Find the derivative of the function $y=(3 x+4)^{4}(4 x+1)^{-3}$. \[ \frac{d y}{d x}= \]

Step 1 ：Given the function \(y=(3x+4)^{4}(4x+1)^{-3}\).

Step 2 ：We need to find the derivative of this function. We can use the product rule of differentiation which states that the derivative of the product of two functions is the derivative of the first function times the second function plus the first function times the derivative of the second function.

Step 3 ：Let's denote the first function as \(f=(3x+4)^4\) and the second function as \(g=(4x+1)^{-3}\).

Step 4 ：First, we find the derivative of \(f\), denoted as \(f'\). Using the chain rule, we get \(f'=12(3x+4)^3\).

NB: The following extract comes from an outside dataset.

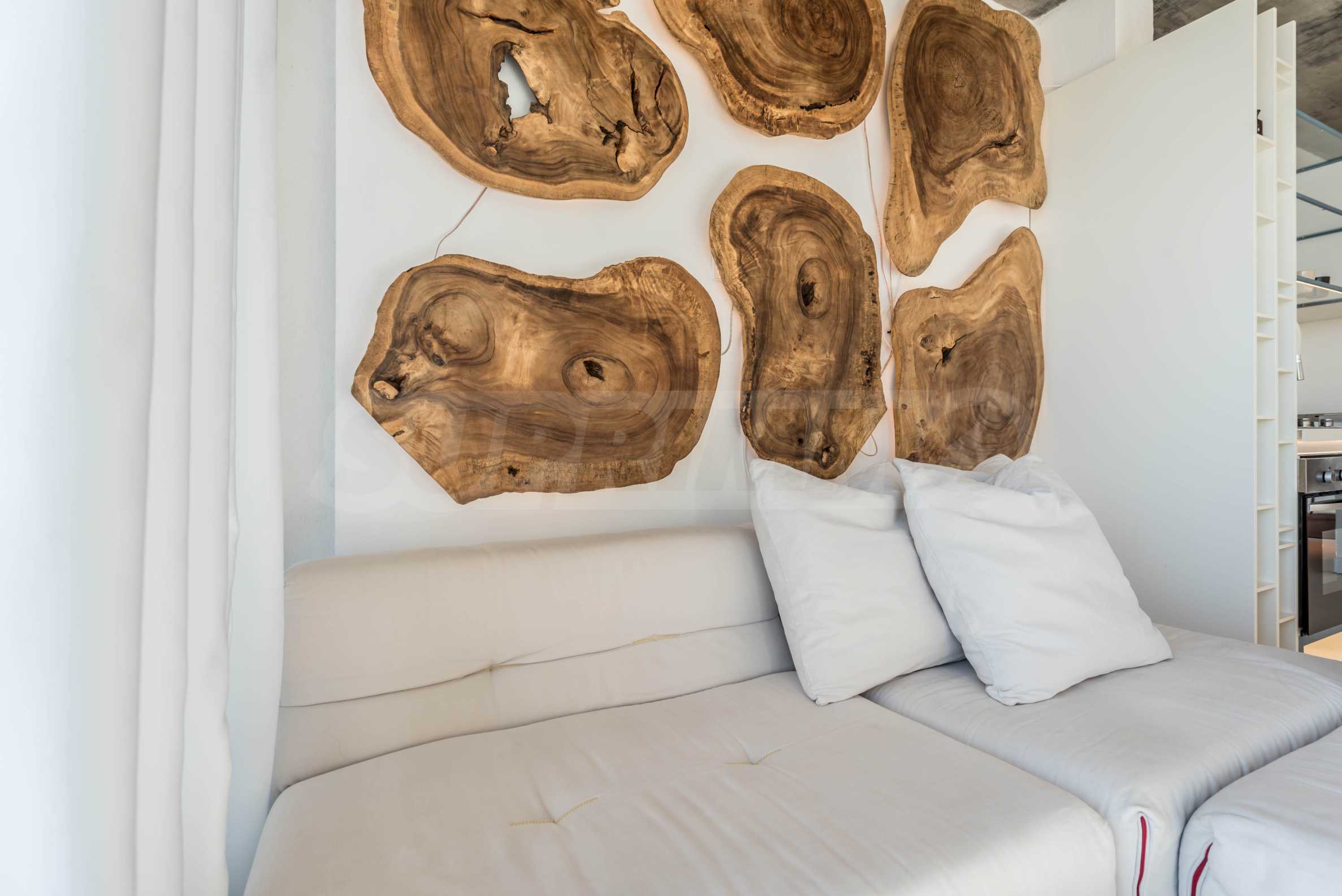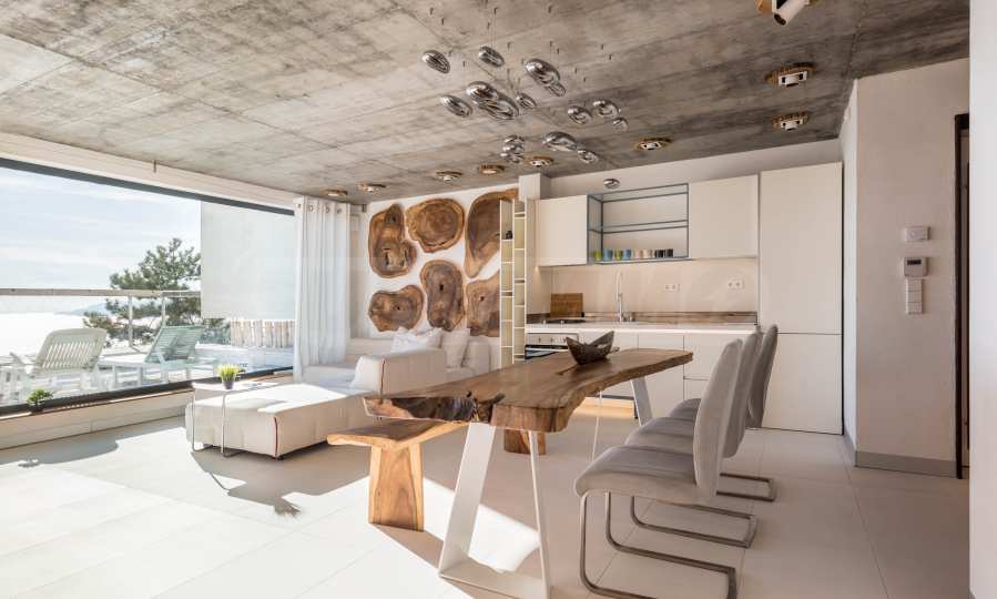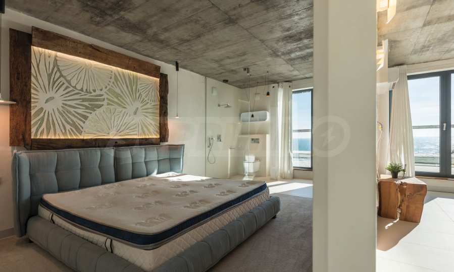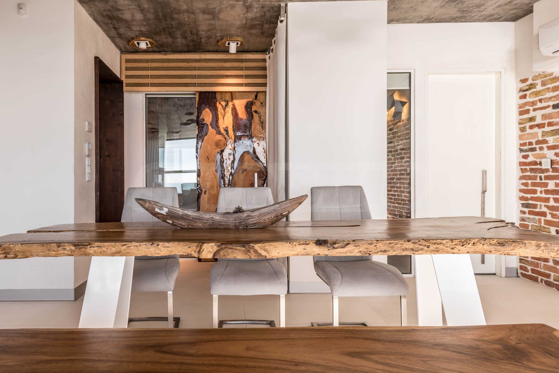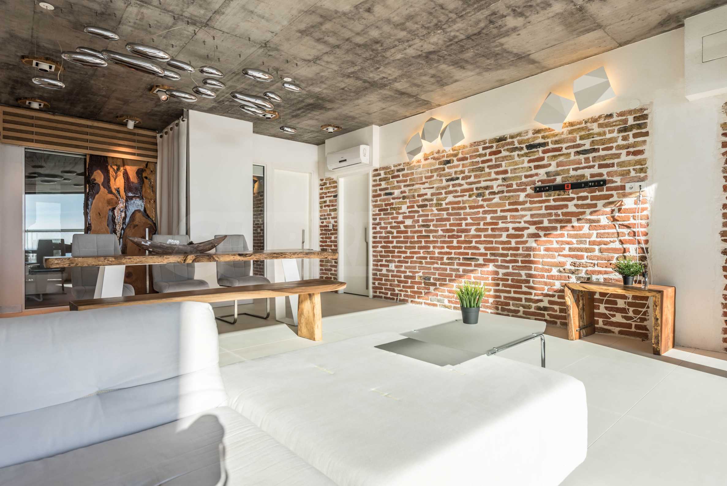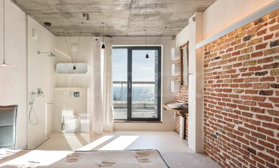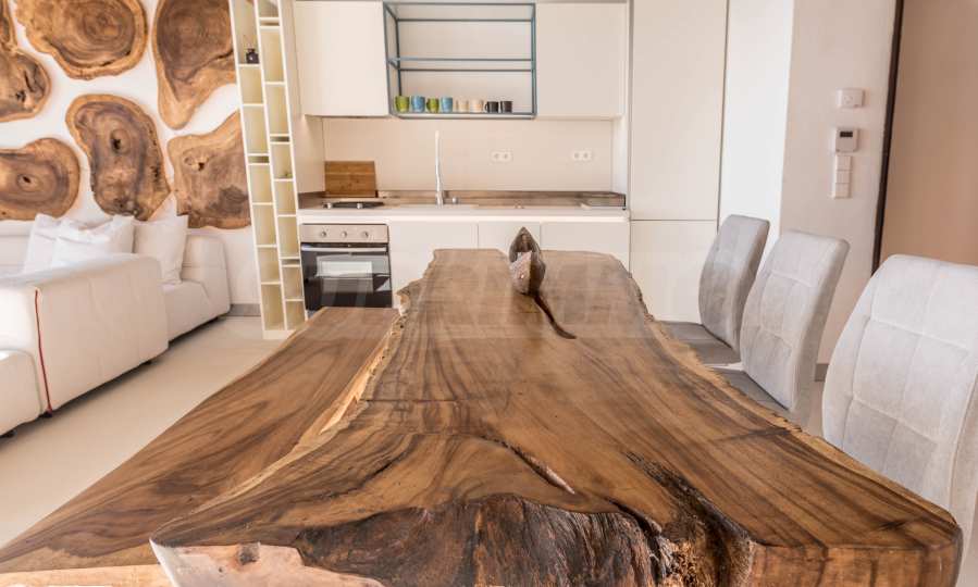 Дизайн уникален - естественный и современный, вызывающий и яркий, несущий идею автономии, расслабления и морской атмосферы. В бетонные плиты потолка квартиры вмонтированы натуральные бетонные орнаменты из акации. Кирпичные стены и бетон используются для естественной отделки, так как дополнительно обрабатываются, пропитываются и грунтуются. Мебель, кухня, матрасы и диваны, привлекательная плитка, светильники - все от известных итальянских брендов. В центре внимания столовой – экстравагантный стол, изготовленный на заказ из ценных и редких пород амазонского дерева. Ванная комната отделена стеклянной дверью, для обилия солнечного света, а все туалеты первоклассного немецкого качества.
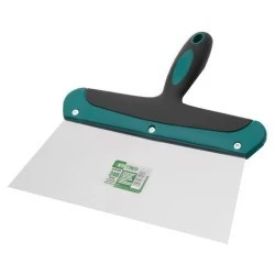 Szeroka szpachla malarska to bardzo funkcjonalne narzędzie budowlane. Produkt jest przydatny w czasie malowania i wykańczania powierzchni. Można wykorzystać go do nakładania farby, a także uzyskiwania odpowiedniej struktury. Sprawdzi się również w czasie przygotowywania podłoża, zbierania nadmiaru farby i innych pracach. Szpachla malarska STALCO ma szeroką część roboczą wykonaną ze stali nierdzewnej. Ten materiał nie wchodzi w reakcję ze środkami chemicznymi stosowanym w farbach i rozpuszczalnikach. Z gładkiej powierzchni można łatwo usuwać wyschniętą farbę. Szpachla ma solidny ergonomiczny uchwyt z dwukomponentowego tworzywa sztucznego. Zapewnia to komfort pracy i daje możliwość wygodnego użytkowania. Szpachla dostępna jest w szerokościach 200 i 240 mm.

Step 5 ：Next, we find the derivative of \(g\), denoted as \(g'\). Using the chain rule, we get \(g'=-12(4x+1)^{-4}\).

Step 6 ：Now, we can apply the product rule. The derivative of the function \(y\) is \(y'=f'g+fg'\). Substituting the expressions for \(f\), \(f'\), \(g\), and \(g'\), we get \(y'=-12(3x+4)^4(4x+1)^{-4} + 12(3x+4)^3(4x+1)^{-3}\).

Step 7 ：\(\boxed{y'=-12\frac{(3x+4)^4}{(4x+1)^4} + 12\frac{(3x+4)^3}{(4x+1)^3}}\) is the derivative of the given function.